A Máquina Analítica e a pré-história dos computadores

28 de julho de 2020

Atualizado em: 22/12/2023

A evolução tecnológica acompanha nossa capacidade de fazer cálculos mais complexos. O homem começou contando os dedos, inventou o ábaco, a calculadora, a máquina analítica e chegamos ao Summit, o computador mais veloz do mundo, capaz de fazer 200 petaflops (200 quatrilhões!) de cálculos e simulações científicas por segundo. Você conhece um pouco da história da computação? Comecemos com sua “pré-história” e a importância de visionários como Napier, Pascal, Leibniz, Babbage e Lovelace. Sem eles, você não estaria lendo este texto agora.

O início de tudo

Essa trajetória começa no século 16 com John Napier (1550-1617). Mas antes de falar desse matemático escocês, é necessário lembrar das primeiras ferramentas de cálculo, como o ábaco, que tem origem provável na Mesopotâmia, ao redor de 2400 a.C. Era uma pedra lisa, coberta de areia e bolas de pedra. Muitos outros povos tinham sua versão própria, como egípcios, romanos, indianos e chineses, com suas hastes paralelas e bolinhas.
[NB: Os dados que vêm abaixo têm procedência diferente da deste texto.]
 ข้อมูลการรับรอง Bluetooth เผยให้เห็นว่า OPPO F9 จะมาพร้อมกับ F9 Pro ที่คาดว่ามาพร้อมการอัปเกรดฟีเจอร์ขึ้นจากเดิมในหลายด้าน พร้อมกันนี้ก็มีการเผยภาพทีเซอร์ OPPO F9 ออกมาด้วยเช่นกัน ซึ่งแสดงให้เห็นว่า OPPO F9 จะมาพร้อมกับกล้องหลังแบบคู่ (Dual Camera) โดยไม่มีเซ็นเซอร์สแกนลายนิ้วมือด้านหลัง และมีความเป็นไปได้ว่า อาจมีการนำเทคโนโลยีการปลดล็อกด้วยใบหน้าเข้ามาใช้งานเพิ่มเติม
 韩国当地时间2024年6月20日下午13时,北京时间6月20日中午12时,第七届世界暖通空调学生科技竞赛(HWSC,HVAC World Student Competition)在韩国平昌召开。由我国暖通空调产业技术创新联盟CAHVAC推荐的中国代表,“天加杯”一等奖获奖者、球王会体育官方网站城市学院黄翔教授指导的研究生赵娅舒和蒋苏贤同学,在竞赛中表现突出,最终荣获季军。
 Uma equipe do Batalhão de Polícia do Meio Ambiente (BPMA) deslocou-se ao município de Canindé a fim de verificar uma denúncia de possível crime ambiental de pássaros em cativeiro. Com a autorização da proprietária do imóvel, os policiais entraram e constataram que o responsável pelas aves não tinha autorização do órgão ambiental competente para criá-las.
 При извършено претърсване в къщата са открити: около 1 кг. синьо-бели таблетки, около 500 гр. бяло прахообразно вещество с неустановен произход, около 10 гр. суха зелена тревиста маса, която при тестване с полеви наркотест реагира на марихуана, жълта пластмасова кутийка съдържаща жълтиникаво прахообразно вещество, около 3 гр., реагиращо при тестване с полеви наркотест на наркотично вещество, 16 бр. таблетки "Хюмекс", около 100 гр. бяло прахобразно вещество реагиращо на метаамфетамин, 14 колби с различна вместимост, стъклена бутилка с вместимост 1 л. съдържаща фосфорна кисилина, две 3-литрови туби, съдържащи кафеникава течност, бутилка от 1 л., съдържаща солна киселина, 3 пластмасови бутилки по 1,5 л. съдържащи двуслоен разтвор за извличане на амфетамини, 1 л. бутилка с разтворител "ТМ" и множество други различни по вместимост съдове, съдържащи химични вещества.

Voltando a John Napier, ele escreveu o livro Logaritmos em 1614, com o intuito de transformar cálculos aritméticos complicados em operações mais simples e auxiliar o desenvolvimento da astronomia e do comércio, que se expandia ao conquistar os oceanos. A obra descrevia os logaritmos e as regras para usá-los, e suas tabelas de funções trigonométricas foram úteis por quase um século.
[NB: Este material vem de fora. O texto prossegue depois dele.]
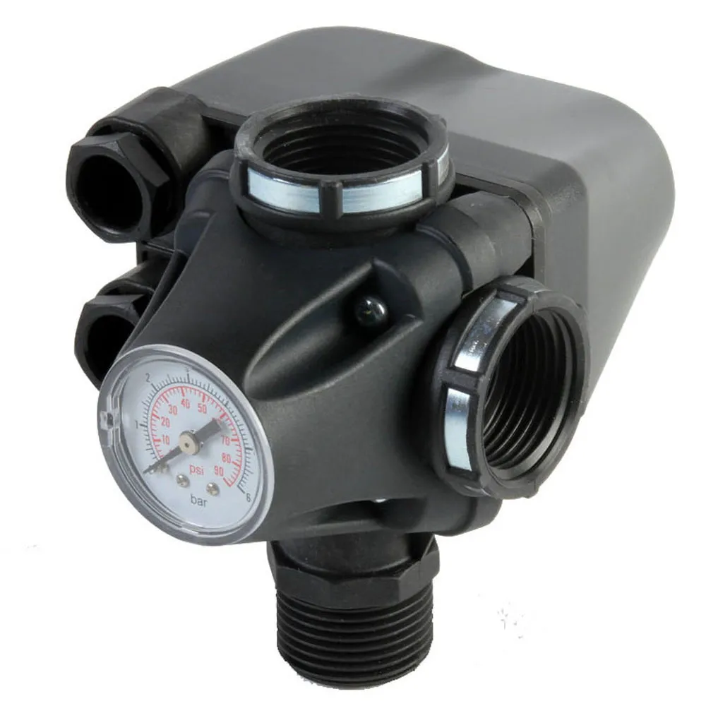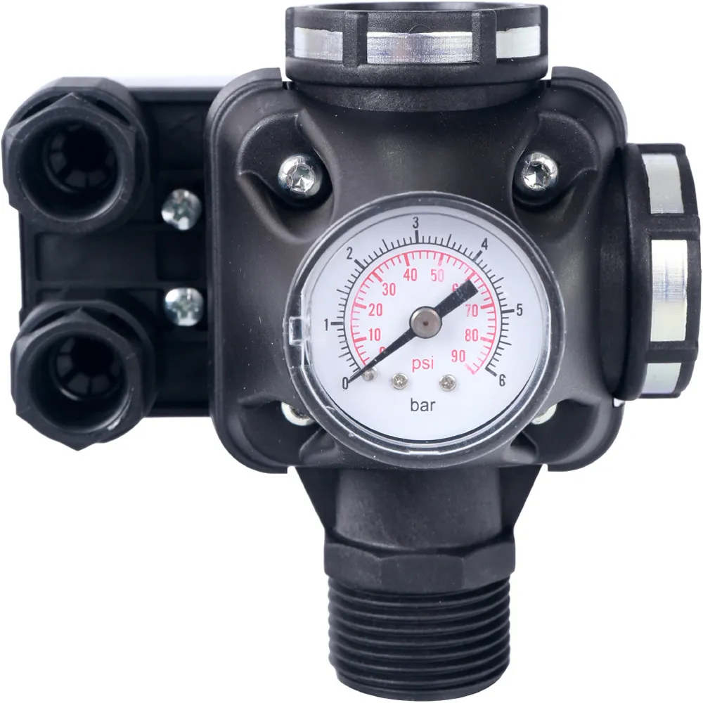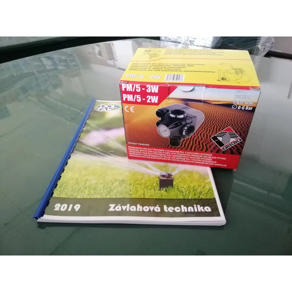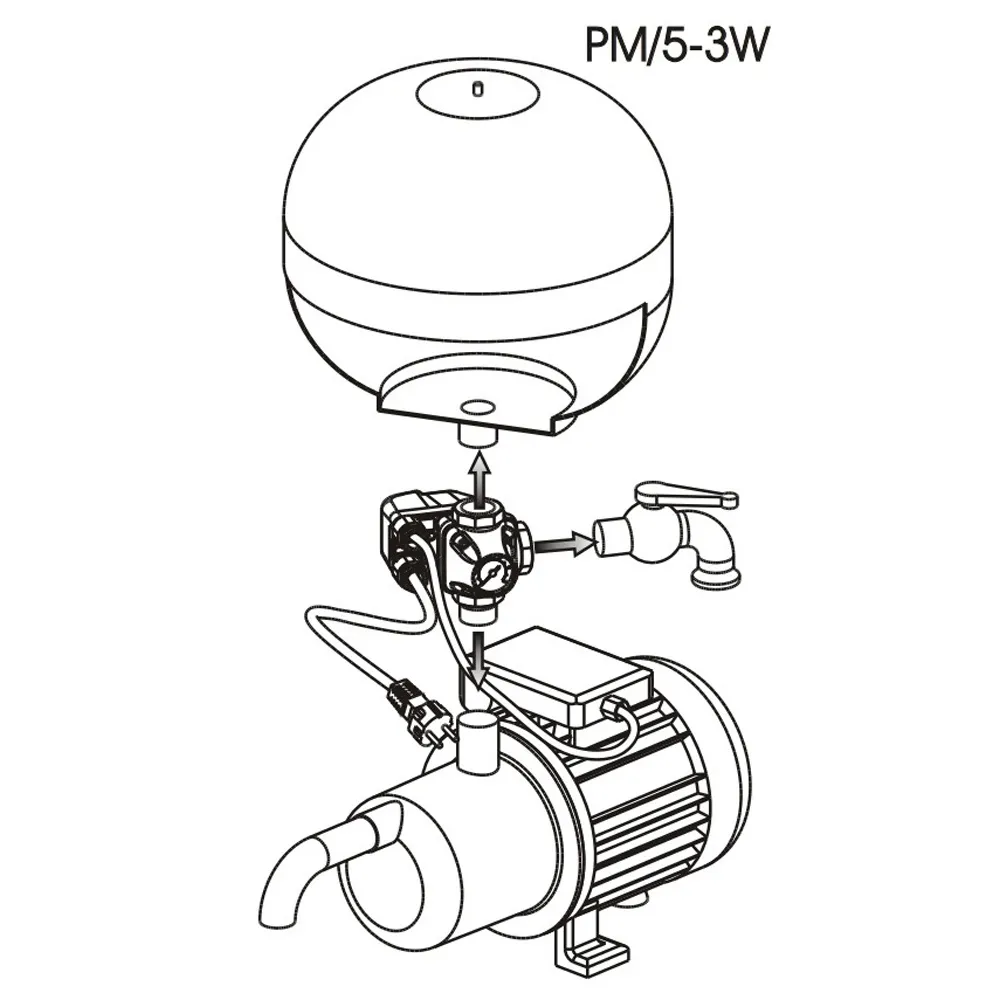 Tlakový spínač PM/5-3W s integrovaným manometrem a třícestnou armaturou je určený pro spolehlivé ovládání jednofázových čerpadel v domácích vodárnách a závlahových systémech. Udržuje konstantní tlak vody v systému, automaticky spíná čerpadlo při poklesu tlaku a vypíná jej po dosažení nastavené hodnoty.

“Napier inventou uma forma de fazer multiplicações e divisões com um mecanismo de bastões que reduzia essas operações a somas mais simples. Os Bastões de Napier também fizeram parte do projeto da primeira calculadora mecânica conhecida”, afirma Hallison Paz, doutorando do Laboratório de Visão Computacional e Computação Gráfica (Visgraf) do IMPA e co-criador do canal do YouTube Programação Dinâmica

http://www.inf.ufsc.br/~j.barreto/cca/arquitet/arq1.h33.jpgFigura 5 – Ossos de Napierhttp://www.inf.ufsc.br/~j.barreto/cca/arquitet/arq1.h34.gifFigura 6 – Estruturas de Napier

As calculadoras

A primeira calculadora mecânica foi construída em 1623 pelo astrônomo alemão Wilhelm Schickard (1592-1635). Usava um complexo sistema de engrenagens e hastes e realizava as quatro operações básicas com até seis dígitos. Quando chegava ao resultado, soava um sino, por isso foi chamada de relógio calculador pelo inventor.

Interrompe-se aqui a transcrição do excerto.